Problem requirements: Print the whole listing again exactly, keeping no pictures in it.

Collected material:
________
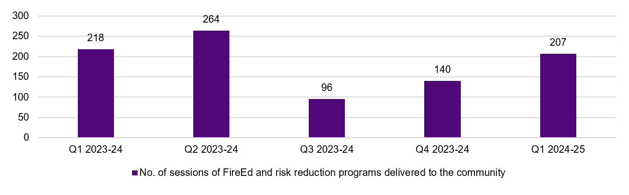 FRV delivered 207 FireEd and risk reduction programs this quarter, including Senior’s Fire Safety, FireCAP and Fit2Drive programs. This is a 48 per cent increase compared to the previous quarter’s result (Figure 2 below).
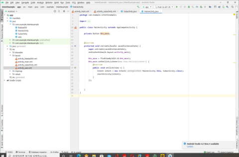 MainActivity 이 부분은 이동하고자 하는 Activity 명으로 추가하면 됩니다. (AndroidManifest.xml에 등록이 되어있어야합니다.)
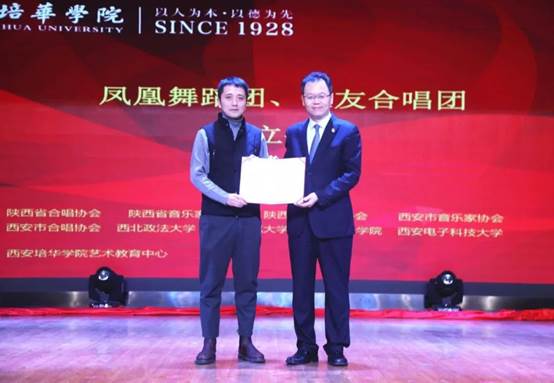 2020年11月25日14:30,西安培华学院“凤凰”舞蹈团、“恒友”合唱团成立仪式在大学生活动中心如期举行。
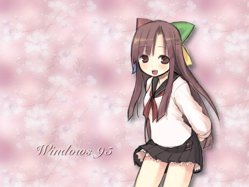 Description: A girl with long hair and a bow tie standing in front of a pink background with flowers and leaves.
________
Your solution:
 FRV delivered 207 FireEd and risk reduction programs this quarter, including Senior’s Fire Safety, FireCAP and Fit2Drive programs. This is a 48 per cent increase compared to the previous quarter’s result (Figure 2 below).
 MainActivity 이 부분은 이동하고자 하는 Activity 명으로 추가하면 됩니다. (AndroidManifest.xml에 등록이 되어있어야합니다.)
 2020年11月25日14:30,西安培华学院“凤凰”舞蹈团、“恒友”合唱团成立仪式在大学生活动中心如期举行。
 Description: A girl with long hair and a bow tie standing in front of a pink background with flowers and leaves.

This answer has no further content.